Need for Speed
Another video game adaptation which sees little need to go beyond its gaming roots. Fans have acclaimed director Scott Waugh for setting a new benchmark in automotive stunt photography, and in the course of the film’s grueling 131 minutes, you certainly have plenty of opportunities to become familiar with his style. Unfortunately, Waugh is not so strong on other elements like storytelling, and Need for Speed makes Vin Diesel and the Fast and Furious franchise look like a Chekhovian character study by comparison. This is despite the presence of two outstanding actors, Aaron Paul (from Breaking Bad) and Dominic Cooper (The History Boys) who are simply all wrong for the parts they play.

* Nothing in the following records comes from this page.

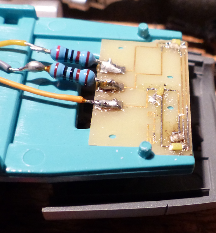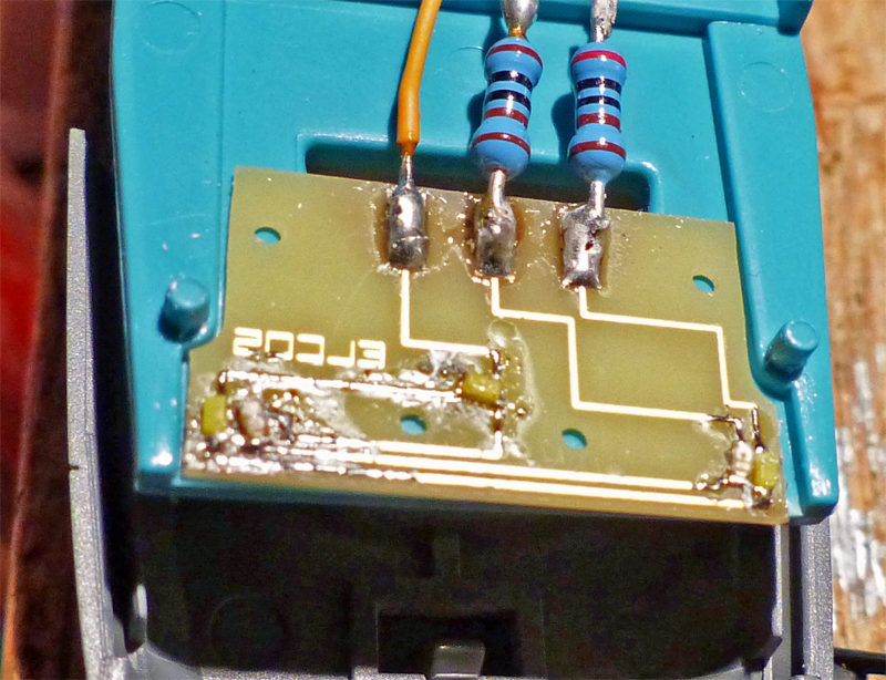 die Kabel wieder angelötet. Erfolg denkste die LED leuchtete nicht. Piko Ingineure hatten eine Elektronik eingesetzt die die gelben LED nur mit 0,9 Volt zu betreiben. Also die Platine ausgebaut und die gesammte Elektronike entfernt und 2 neue SMD Widerstände von 22kOhm eingelötet damit leuchten die warmweißen Nicht so grell.
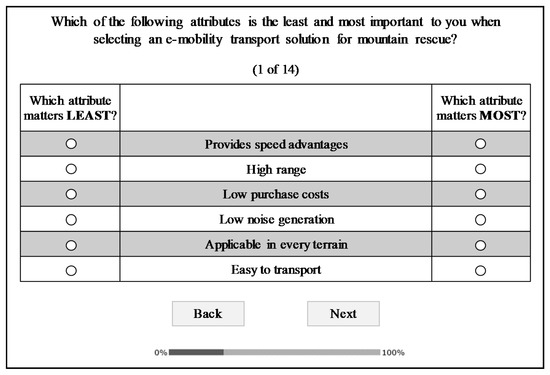 BWS is underpinned by the random utility theory, which assumes that an individual’s relative preference for object A over object B is a function of the relative frequency with which A is chosen as better than or preferred to B [82]. This methodology involves a cognitive process by which respondents repeatedly choose, from varying sets of attribute combinations, the attributes that they believe exhibit the largest perceptual difference in an underlying continuum of interest [83]. This is performed by observing the best and worst choices in a set of multiple options by repetitively combining the two choices. In a simple example of three choices “A”, “B” and “C”, “A” can be considered the best and “C” the worst. This ranking implies that “A” should be chosen for the pairs “AB” and “AC”, and “B” should be chosen for the third pair “BC”. Thus, the best and worst choices provide information that can be expanded to several pairs of choices [77]. This approach is called the case 1 BWS [84] and has previously been applied in the e-mobility domain in a study conducted by [85], wherein BWS was used to assess the importance of complementary mobility services to consumer behavior. Although contextually different, the study served as methodological guidance for the BWS analysis as presented in this article. Additionally, we followed the BWS steps as proposed by [86]. Accordingly, the first step comprised the setting of the study context followed by the identification of attributes. Then, the experimental design was formulated, and a survey was created and conducted. Ultimately, the acquired data were analyzed.
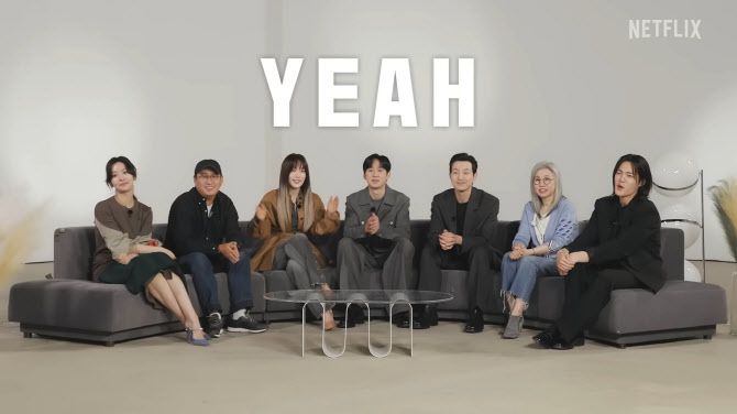 왼쪽부터 배우 차주영, 안길호 PD, 김히어라, 박성훈, 정성일, 김은숙 작가, 김건우.(사진=넷플릭스 코리아 유튜브 채널 캡처)
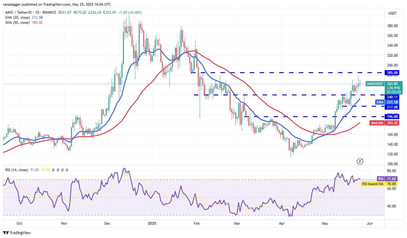 The rising 20-day EMA ($231) and the RSI in the overbought zone show that the bulls have the edge. The AAVE/USDT pair could rally to the $285 level, which is expected to behave as a strong resistance. If buyers overcome the barrier at $285, the up move could extend to $300 and later to $350.
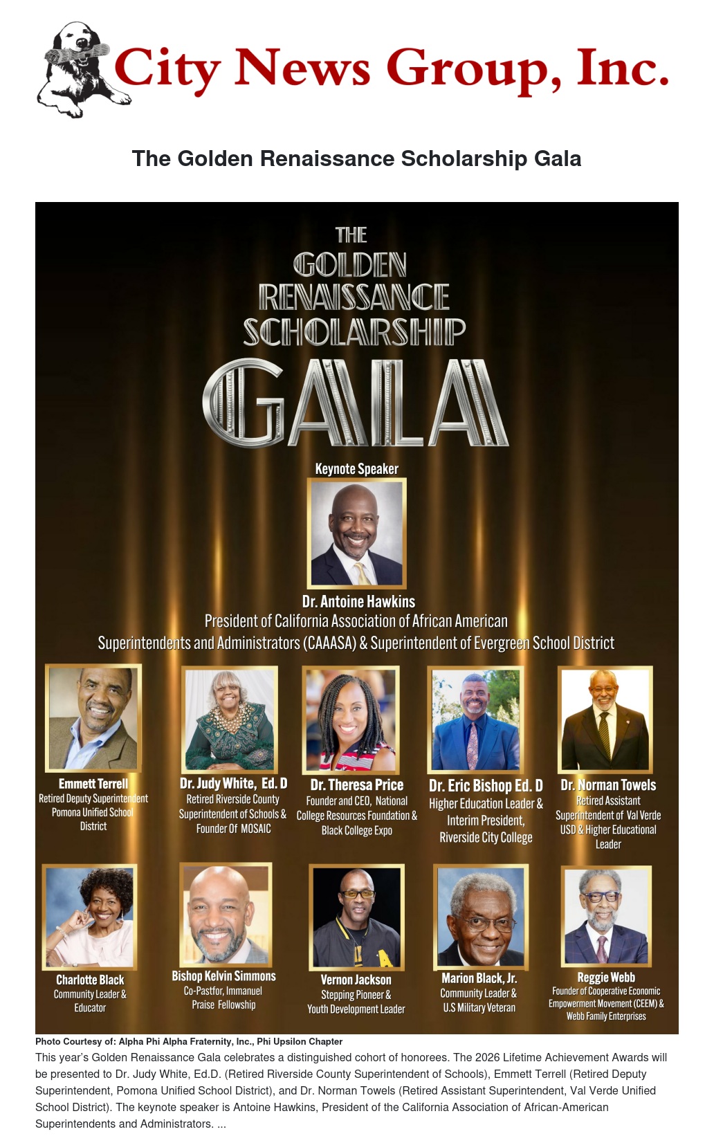 Alpha Phi Alpha Fraternity, Inc., Phi Upsilon Chapter’s inaugural Golden Renaissance Scholarship Gala recognizes Black leaders whose contributions have shaped education, public service, and community empowerment in the Inland Empire. The Gala is Sunday, May 17, 2026, at 6:00 PM, in the Grand Parisian Ballroom at the Mission Inn Hotel & Spa in Riverside, California.
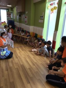大型絵本の「えらいえらい」を先生が読みました![]()

A street racer (Paul) who was framed by a wealthy business associate (Cooper) joins a cross country race with revenge in mind. Plenty of cars get destroyed in the process, and the film as a whole is little more than a monumental car crash.
12 Years a Slave
From the hand of Steve McQueen, 12 Years a Slave picked up three Oscars last week, including the big one: Best Motion Picture. It is the film of the moment and tells the true story of Solomon Northup, a free black man from upstate New York, who is abducted and sold into slavery. He sees and experiences a litany of horrors that is the fate of a black man in the unreformed Deep South. The material is powerful in its own right, and McQueen brings his radical showmanship to the telling of a shocking story that pulls no punches. With a track record that includes Hunger, the tale of Irish republican Bobby Sands’ hunger strike, and Shame, a story of sex addiction, McQueen is familiar with handling highly charged materials. He is working with an excellent cast, including Chiwetel Ejiofor as Northup. Despite almost universal acclaim for the acting and directing, there is also an unrelenting hectoring about the horrors of slavery that does not let up throughout the over two-hour film.
Only Lovers Left Alive
A new film by Jim Jarmusch is definitely something to celebrate, and Only Lovers Left Alive provides a wonderful alternative to Twilight and its unholy spawn of teen vampire movies. This is a mood and tone piece with a slight story held together and enhanced by beautiful visuals and indulgent emotions. It is something like In the Mood for Love except with vampires. In this case, the central couple are Tom Hiddleston and Tilda Swinton, who are perfect as two ancient, world-weary souls inhabiting hot bodies and getting off on retro cool. Their lives become rather more complex when rock-chick Ava (Mia Wasikowska) drops in and things begin to go badly wrong, but this dramatic framework is really little more than an excuse. Only Lovers Left Alive is all about style, but what style! Bella Swan and Edward Cullen can learn from Hiddleston and Swinton how grownups go about being undead.
The Monuments Men
What a cast! What a story! It’s such a pity that The Monuments Men does not quite live up to its own sense of self-importance. Written, directed and starring George Clooney, the film tells the story of a military unit during WWII tasked with rescuing the art masterpieces stolen by the Nazis. Inevitably, the unit is filled with some unlikely characters, and the likes of Matt Damon, Bill Murray, and John Goodman ensure that this riff off a well-worn theme plays out in entertaining fashion. Direction is tight, the script more than adequate, the production as slick as you could want, but somehow the film is lacking heart. Its ponderous message that destroying art is destroying the heart of a people drips with high-minded seriousness that only succeeds in making a perfectly legitimate message sound trite, or worse, bogus. As a director of Good Night, and Good Luck Clooney has proved he can deal with complex historical events, but in The Monuments Men he has become caught up in the trite cliches of mainstream Hollywood entertainment.
Non Stop
Liam Neeson has never been averse to slumming it in the B-movie mainstream. With Taken and its sequel, he has virtually made this his calling card, and now with Non Stop he is taking that very successful formula of badass agent to new heights, this time adding a couple of twists. An air marshal (Neesan) springs into action during a transatlantic flight after receiving a series of text messages that put his fellow passengers at risk unless a ransom is paid. The confined space of the aircraft helps build the tension, and director Jaume Collet-Serra makes sure that the audience knows that the action is not meant to be taken too seriously. Which is a good thing, as this is a story in which drama and action are far more important than narrative cohesion or indeed the laws of physics, and Neeson manages to get up to some pretty improbable high altitude acrobatics.